[EM] Gerrymandering

Joe Weinstein jweins123 at hotmail.com
Mon Mar 18 19:19:00 PST 2002


Short of forcing everyone into a single district, with resulting guaranteed 
huge campaign costs for small parties or obscure candidacies, it's NOT 
necessarily easier to maximize overall geographic fitness or 'utility' of an 
apportionment scheme by using PR.

By the way, usual PR presumes that voters want to be proportionally 
represented ONLY according to political party, not other criteria, including 
geographic proximity.  That's as mistaken as the present one-rep 
one-locality fiasco.  Also by the way, we would get much better 'PR' using 
PAV applied to individual candidates, not parties.

Given a set of social and political and geographic criteria, including 
district compactness - measured e.g. as Alex suggests or by sum of some 
function of distance of each voter from a minimiziing 'central' point in 
her/his district - it would probably be impossible even with current 
computing power to choose the VERY best apportionment scheme.

However, each voter, or each of a large class of undeniable experts, could 
each be allowed to nominate an apportionment scheme, and then computer 
checking could verify which scheme among those nominated would be best or 
near best.  Or, a legislature or court would be mandated to choose from 
among the top 100, or top 5, or maybe instead the top 1%, of the nominated 
schemes.

----Original Message Follows----
From: "Alex Small" <asmall at physics.ucsb.edu>
Reply-To: election-methods-list at eskimo.com
To: <election-methods-list at eskimo.com>
Subject: Re:[EM] Gerrymandering
Date: Mon, 18 Mar 2002 18:42:56 -0800 (PST)

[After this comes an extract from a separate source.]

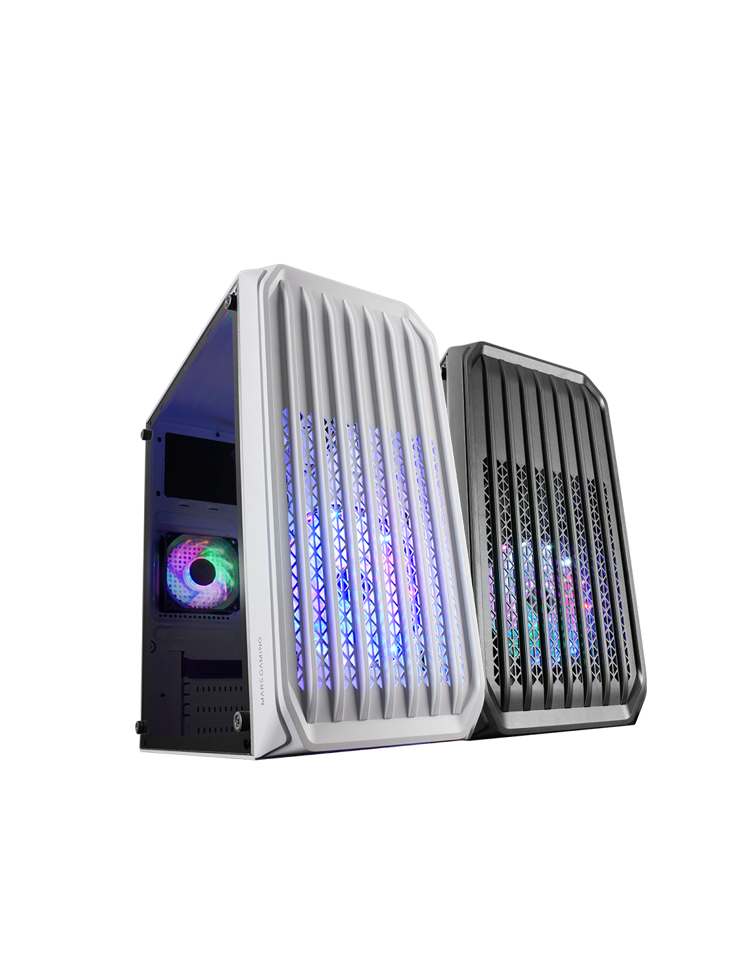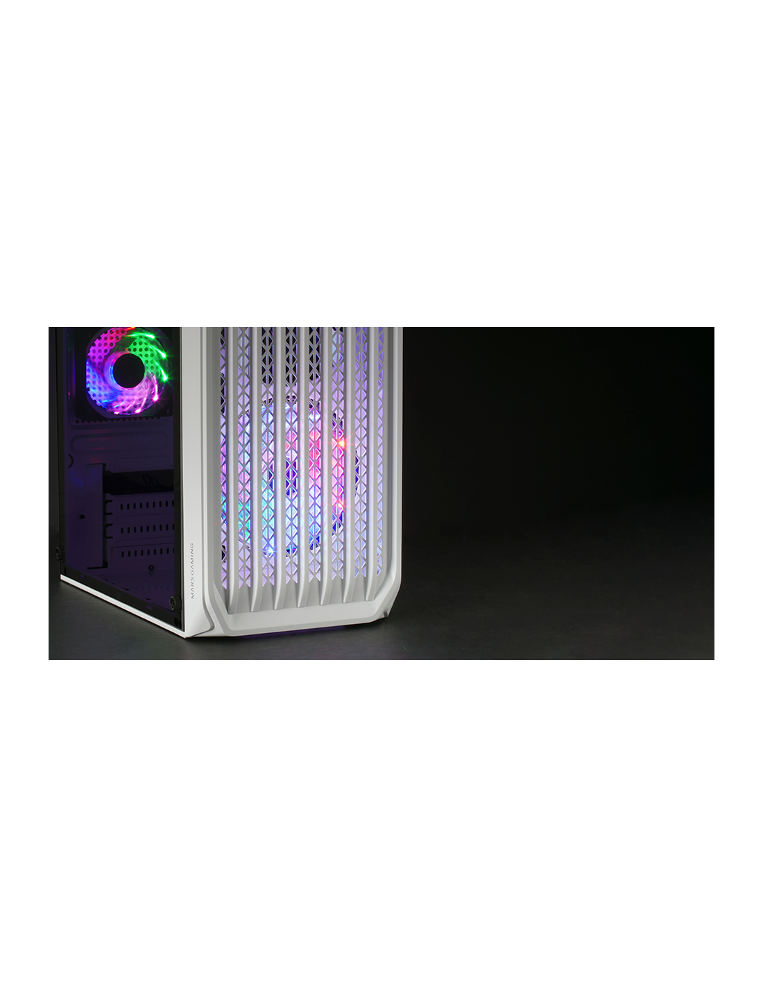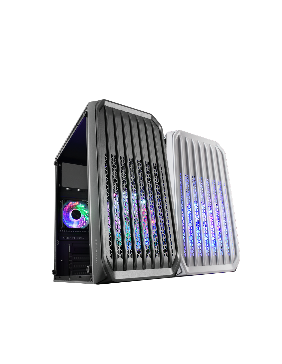 Caixa compacta para jogos com uma refrigeração excelente graças aos seus 2 ventiladores FRGB, seu painel frontal com design de grade e suporte para refrigerações líquidas até 240mm*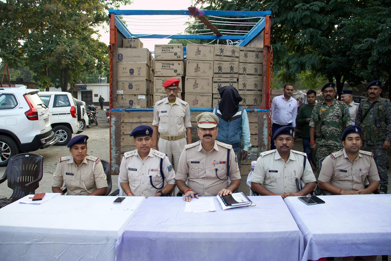 मामले की जानकारी देते हुए कोडरमा एसपी ने बताया बिहार विधान सभा चुनाव को को लेकर झारखण्ड-बिहार सीमा पर अवस्थित मेघातरी मिरर चेक पोस्ट पर सघन वाहन चेकिंग अभियान लगातार चलाया जा रहा है. इसी क्रम में दूसरे चरण का चुनाव प्रचार खत्म होने के पश्चात मेघातरी चेक पोस्ट पर अत्यधिक सतर्कता बरतते हुए सख्ती से वाहन चेकिंग का निर्देश दिया गया था. इसी क्रम में सोमवार गुप्त सूचना मिली एक ट्रक पर भारी मात्रा में अंग्रेजी शराब लोड कर मेघातरी चेक पोस्ट से होकर बिहार सीमा में प्रवेश करने वाला है. सूचना पर मेघातरी चेक पोस्ट पर प्रतिनियुक्त पदाधिकारी एवं बलों को पूरी सर्तकता एवं सख्ती से सभी प्रकार के वाहनों को चेक करने का निर्देश दिया गया. इसी बीच चेकिंग के दौरान एक संदिग्ध ट्रक (बीआर-56जी-4297) को रोका गया. तलाशी करने पर 279 पेटी अंग्रेजी शराब लोड पाया गया. इनमें इम्पेरियल ब्लू, रॉयल स्टेज, आईकॉनिक व्हाईट जैसी विदेशी शराब शामिल है. मौके पर ट्रक चालक शिशुरंजन उर्फ सोनु को गिरफ्तार किया गया तथा ट्रक एवं बरामद शराब को जप्त किया गया. इस संबंध में कोडरमा थाना में अवैध शराब तस्करी से संबंधित मामला दर्ज किया गया है.

Probably the simplest measure I can think of, and the most easy to justify
(at least in a simple case) is the average perimeter of each district.

Simple case:  Suppose that we have a square region with uniform population
density.  Draw a straight line that divides it in half.

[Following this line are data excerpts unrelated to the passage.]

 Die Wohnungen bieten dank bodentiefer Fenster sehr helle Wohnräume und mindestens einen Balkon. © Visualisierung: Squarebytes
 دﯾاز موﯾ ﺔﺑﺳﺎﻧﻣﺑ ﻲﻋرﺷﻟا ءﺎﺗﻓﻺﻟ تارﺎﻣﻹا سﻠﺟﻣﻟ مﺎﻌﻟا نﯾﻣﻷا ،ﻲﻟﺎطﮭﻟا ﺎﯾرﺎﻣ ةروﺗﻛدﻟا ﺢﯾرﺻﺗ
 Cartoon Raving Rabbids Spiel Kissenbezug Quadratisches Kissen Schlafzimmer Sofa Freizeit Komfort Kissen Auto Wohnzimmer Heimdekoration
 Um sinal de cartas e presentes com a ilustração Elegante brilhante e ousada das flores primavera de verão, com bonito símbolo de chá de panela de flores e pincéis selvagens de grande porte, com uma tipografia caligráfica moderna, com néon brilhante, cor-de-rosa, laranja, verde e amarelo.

Here's an obvious gerrymander:

  __________
|        | |
|   _  _|  |
|  /|_|    |
|  \  ____ |
|   | |  | |
|   |_| _| |
|______|___|

(I don't know if I got the area exactly 50-50, but you get the point.)

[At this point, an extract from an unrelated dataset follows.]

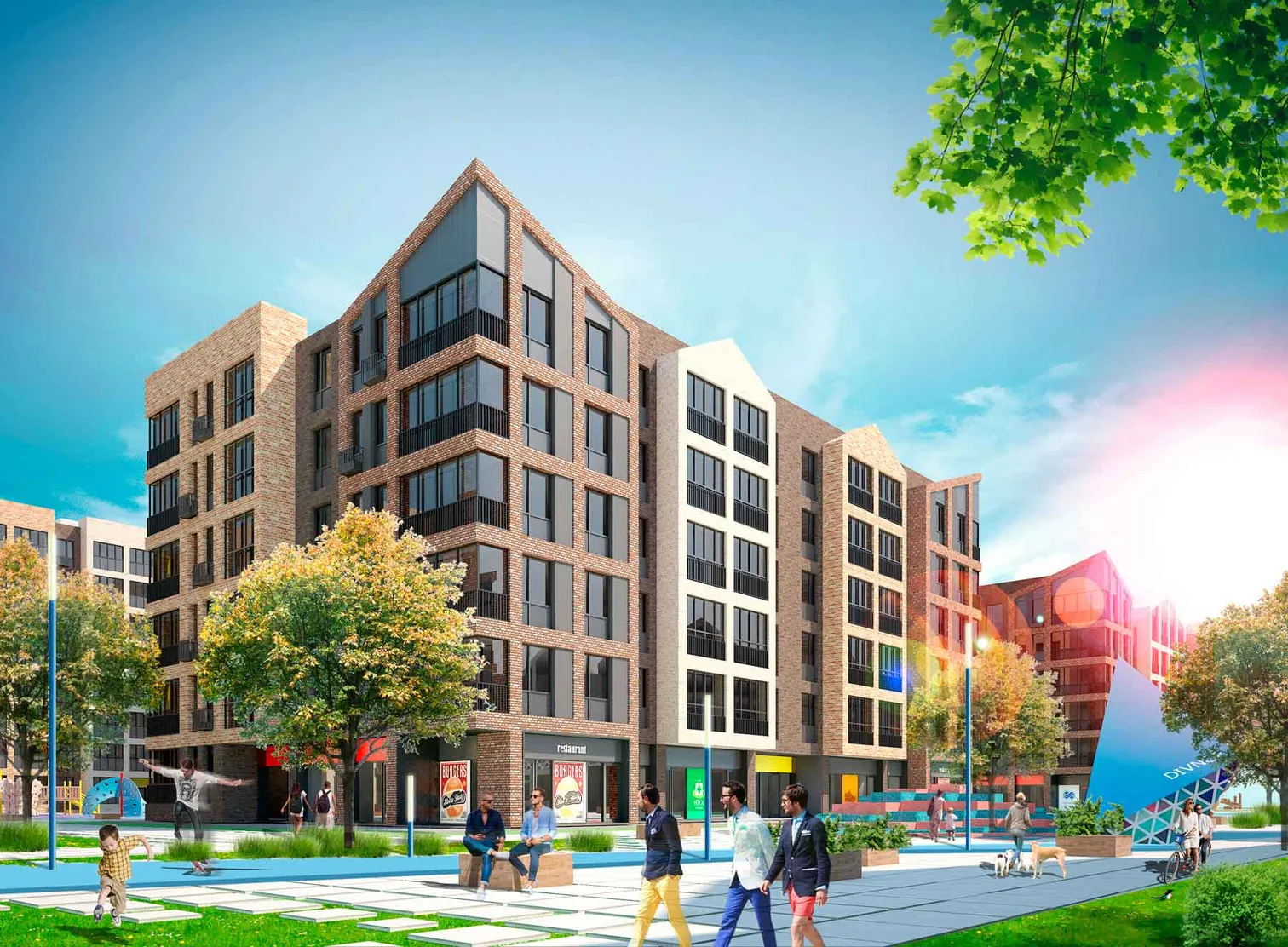 В основе концепции данного проекта заложены принципы устойчивого развития территории, а также формирования активного сообщества, добрососедства и семейных ценностей. Специально для жителей миниполиса организованы различные программы развития малого бизнеса, предоставлены льготы на аренду коммерческих помещений. Помимо этого, на территории предусмотрены пространства для работы и творчества: соседский клуб, коворкинги и творческие мастерские.

Those two districts give a much higher average perimeter.  Now, I realize
that people want districts to respect city and county lines, give fair
representation to ethnic minorities, represent distinct economic interests,
and solve every other problem under the sun, so maybe simple rectangles
aren't the best solution.  But trying to solve all those problems with
single-member districts requires King Solomon.  PR is much easier.